The Positive Teacher Feature: Kate Bodle•
Posted on November 13 2019
The Positive Teacher Feature: meet Kate!
We all love a truly positive professional and Oxfordshire deputy head, Kate Bodie, as a 4th generation teacher, appears - quite literally - born to teach! Let's face it, anybody with the role of 'mental health first aider' is bound to meet our seal of approval! However, even a quick look at Kate's inspirational philosophy and wealth of experience below, especially with the more vulnerable of children, indicates what a special individual she must be! The world needs more Kate Bodles! Enjoy!
Name: Kate Bodle (@mrsbteachandlearn)
I am currently Deputy Head at a small independent school in Oxfordshire having worked in the state sector previously. My role also includes being SENCO, Head of Pastoral Care and Wellbeing lead (I’m also a mental health first aider) as well as English Lead. It’s a varied role and I love it! I am also an author of a book called Developing Early Literacy Skills and I lead INSET in other schools on dyslexia friendly schools and teaching handwriting.
I work primarily with children who need extra support due to their dyslexia or other SEN needs whilst also supporting children across the school pastorally. I’m also a Year 6 form teacher which is a role I relish, watching the children take on leadership of the school and preparing for the next steps of their academic journeys. I definitely find that no day is the same which keeps me on my toes!

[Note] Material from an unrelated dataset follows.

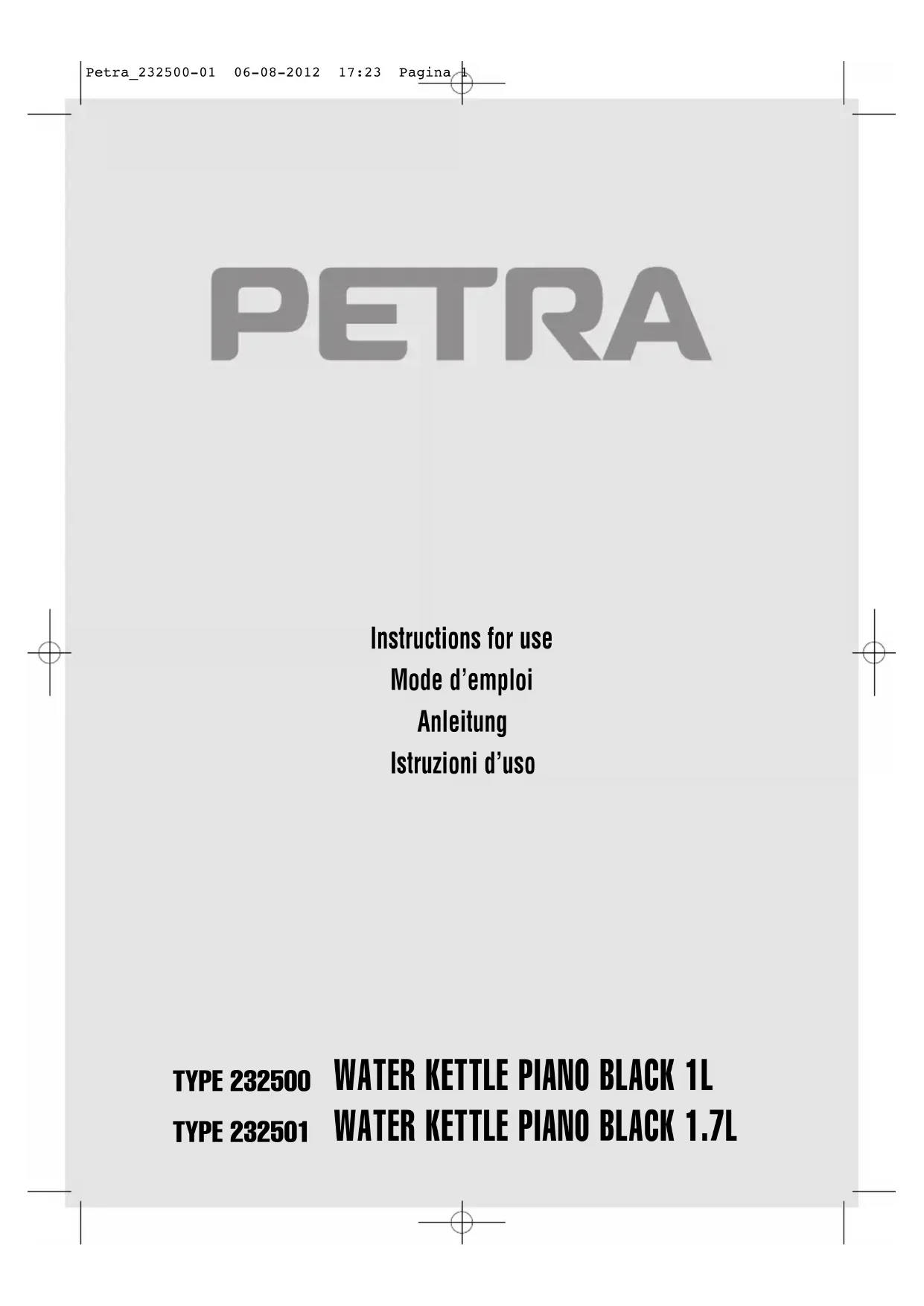 PETRA WATER KETTLE PIANO BLACK 1L / 1.7L ART. 232500 / 232501 AVANT L'EMPLOI Lisez attentivement ce mode d'emploi et conservez-le afin de pouvoir le consulter ultérieurement si nécessaire. Assurez-vous que le voltage de votre logement correspond à celui indiqué sur l'appareil. Raccordez l’appareil uniquement à une prise de terre. La bouilloire est équipée d’un filtre (amovible) intégré dans l’orifice du verseur. La bouilloire se détache de son socle et peut pivoter de 360 degrés ce qui la rend très pratique à utiliser aussi bien pour les droitiers que les gauchers. L’élément de chauffe intégré est résistant au calcaire ce qui lui garantit une longue durée de vie. Equipée d’un interrupteur marche/arrêt éclairé et d’un dispositif de verrouillage du couvercle pour la sécurité. Pour ouvrir le couvercle, il suffit d’appuyer sur le bouton. Triple sécurité intégrée : arrêt automatique, protection anti-usage à sec et protection anti-surchauffe.

Why did you get into teaching?
I am a 4th generation teacher so it was very much ‘in my genes’. I was fully aware of what the job entailed including the tough bits but I never wanted to do anything else. Apparently when I was 4 or 5 I rearranged my bedroom to look like a classroom and that was clearly it, decision made! I think I was very lucky to know what I wanted to be, I can’t imagine how hard it must be to forge your path not knowing what your end goal was.

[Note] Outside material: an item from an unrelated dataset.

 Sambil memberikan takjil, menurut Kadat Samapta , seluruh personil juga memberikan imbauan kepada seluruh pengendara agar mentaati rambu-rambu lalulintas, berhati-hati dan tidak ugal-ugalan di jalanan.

Once I started teaching I realised I was particularly interested in why some children didn’t learn in the same way as others, the motto ‘if they don’t learn the way you teach, then teach the way they learn’ really resonated it with me and has been at the forefront of my teaching practice ever since.

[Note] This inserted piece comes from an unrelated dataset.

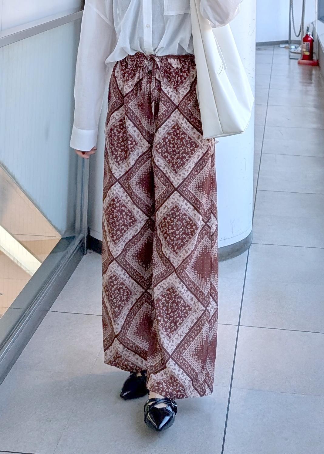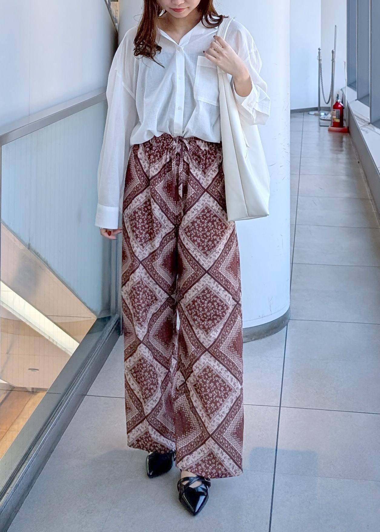 綿素材でこれからの時期にぴったりなシャツにスカーフ柄が印象的なパンツを合わせたコーデに。

What are your top tips for positivity and excitement within your role?
Keep learning – keep looking for ways to improve your practice, there is always more to find out, new techniques or resources to use. I couldn’t just churn out the same lessons year on year, I love to keep it fresh and exciting for me and by doing this I can pass on that enjoyment of learning on to my students.
I also love to learn and share with others – social media is really great for that, the teaching community is so supportive and it doesn’t matter how long you have been teaching you can always pick up some great tips. I love the debate on Twitter, the visuals of Instagram and the chat on Facebook, it has opened up a much wider CPD than when I first started teaching!
Outside of your school role it’s really important to do things you love or are good for you – for me that is spending time with family and friends, dabbling in different types of crafts and exercising. It’s the only way to keep perspective and to refresh yourself.
Looking back, what advice would you give your NQT/Trainee self?
Don’t focus on what goes wrong, look at what goes right. Be positive even when you feel like everything is going pear shaped – the children won’t know what was on your ‘plan’ but they will read your mood and react accordingly!
Don’t be afraid to ‘wing it’ occasionally, some of your best lessons will happen when you do!
Keep on making your own resources – if you enjoy it and it helps you ensure that what you provide the children is absolutely what you want to use. Don’t listen to the people who tell you that its wasting your time and energy, do what you love!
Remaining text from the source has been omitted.